# Dimore la Vecchia Firenze, studio unit



## abbekit (Mar 9, 2011)

Put this on hold for 2013 eek: ).  I've read the few reviews I could find (TUG and otherwise) and everyone talks about the 2BR units.  I booked a studio.  RCI was able to tell me that it is a loft unit, pretty small at around 500 sf, double bed up in the loft, sofa bed downstairs (it will just be myself and DH).  

Has anyone stayed in a studio here?  If anyone has stayed there lately (in any size unit) with more info about this place I'd really love to hear about it.

Not looking for a fancy place, just happy to have a week in Florence


----------



## Passepartout (Mar 9, 2011)

Here's a link to their website: http://www.vecchiafirenze.com/ Unfortunately it's in Italian, but using www.translate.google.com you can decipher most of it. The pictures look pretty cool, and one is clearly of a loft judging by the slanted ceiling. Location a block or so from Sta. Croce is a good area. Not exactly IN the historical center, but on the fringe- no more than a 5 minute walk.

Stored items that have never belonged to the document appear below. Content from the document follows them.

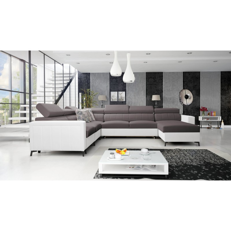 Sofá en forma de U Arco VII con función de cama, reposacabezas ajustables tela Mono 234 + Ecocuero.
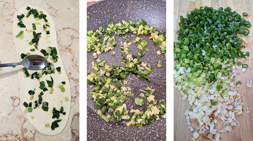 להכנת המילוי מחממים 2 כפות שמן במחבת, מוסיפים את הבצל הירוק והמלח. מטגנים כשתי דקות עד שהבצל מתרכך מעט, מסירים מהאש ומצננים.
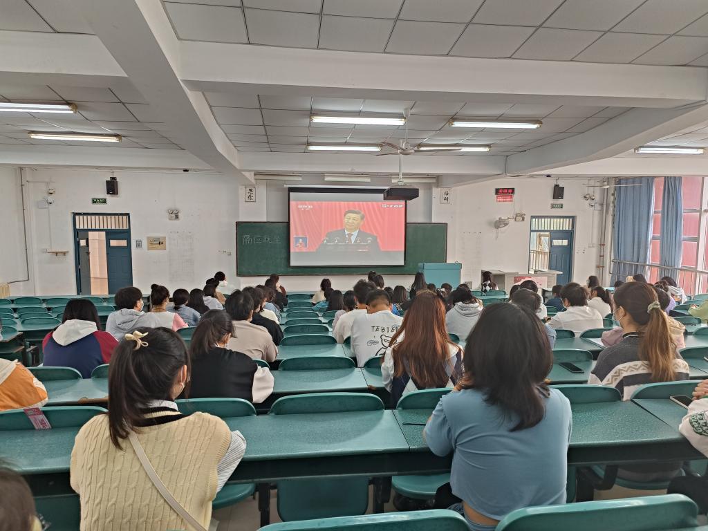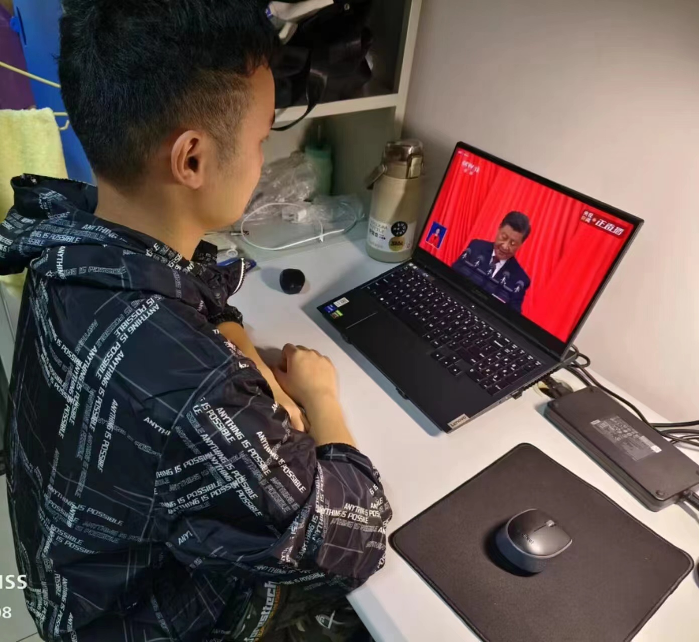 外国语学院全体学生干部、团员以支部或寝室为单位分散在自习室、教室、寝室等地,也收听收看了二十大开幕会。(外国语学院学生党支部 文/图)
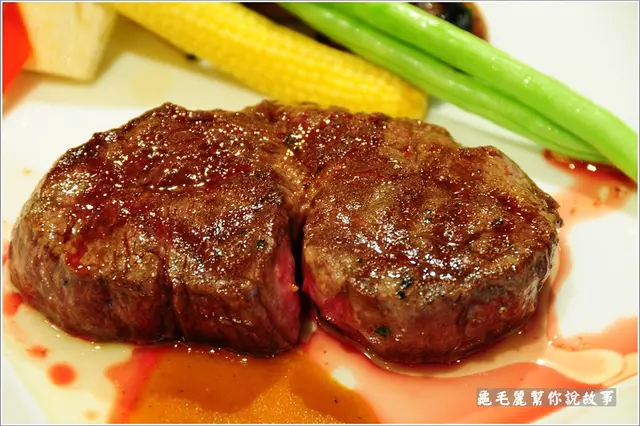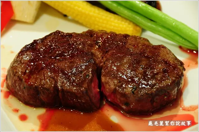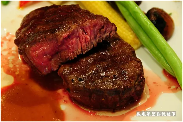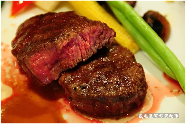 於是很少吃五分熟牛排的我,嘗試了五分熟的菲力,在拍照過程中還有一些血水流出…
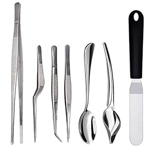 Contents : 11.5-Inch Offset Spatula,Decorating Spoons 7.76-Inch,plating spoon with solid bowl 8-Inch,Long straight tweezers12-Inch.

Cafes will be more reasonable in that neighborhood- It's also just about 2-3 blocks from Michelangelo's house growing up. 

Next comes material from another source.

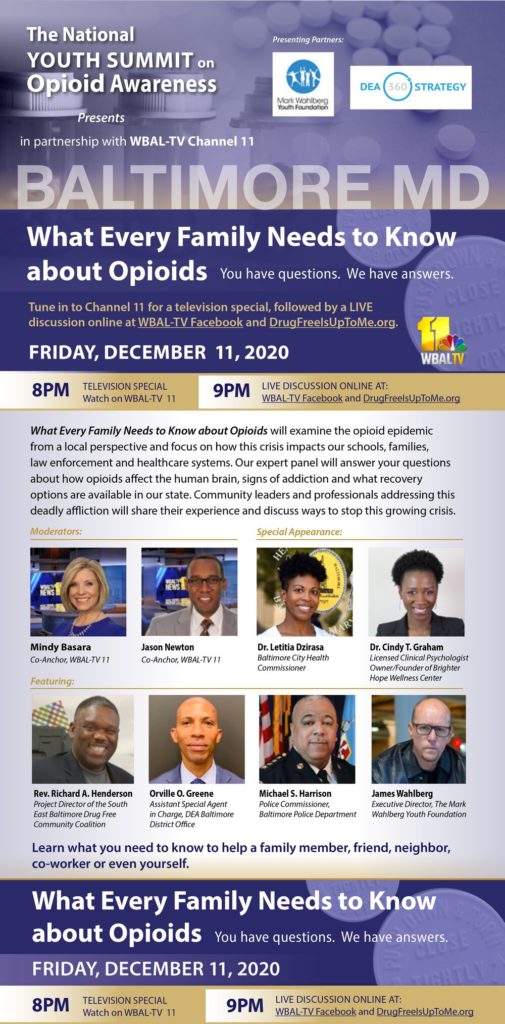 With this as the backdrop, DEA 360 and the Mark Wahlberg Youth Foundation are organizing a series of Virtual Town Hall discussions addressing the core topic of “What Every Family Needs to Know About Opioids.” In many cases, we will be partnering with a local television station to conduct a television special on the topic, after which we will continue the important discuss online. Local leaders and prevention and treatment advocates will discuss the epidemic and its impact in the community and provide insight into local resources available to assist anyone dealing with any form of substance abuse. These experts will also take questions from the viewing audience. Anyone can register to receive program notifications about the Town Hall in your community.
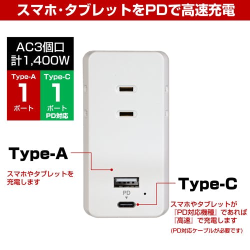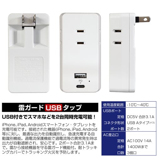 朝日電器(ELPA) タップ(USBポート2個・コンセント3個) AC100V-14A EA940CD-283 4550061408582【別送品】

A week in Firenze is to be treasured!

Jim Ricks


----------



## Laurie (Mar 9, 2011)

Congrats - great exchange!


----------



## beejaybeeohio (Mar 10, 2011)

*I'm jealous!*

To tie in with a week at Chateau du Maulmont in FR, I have an ongoing for the resort you just snagged +other "select" Italian timeshares and so far nada has come my way for June 2012. How many TPUs are needed?  I am searching with 40.


----------



## abbekit (Mar 10, 2011)

beejaybeeohio said:


> To tie in with a week at Chateau du Maulmont in FR, I have an ongoing for the resort you just snagged +other "select" Italian timeshares and so far nada has come my way for June 2012. How many TPUs are needed?  I am searching with 40.



It was only 13 TPUs but it is the smallest size unit for the off season, first of March. I saw another week pop up right before i grabbed this one, i think it was for January.  I've never seen it show up for summer. There are only nine units in the building.


----------



## abbekit (Mar 10, 2011)

Now i'm worried. Sometime yesterday their website was taken down. They must not have paid for the registration of the site or their domain name. Hope this isn't a sign that they are shutting down their timeshare.




Well now the website is back up.  Maybe they needed my exchange fee to pay the bill


----------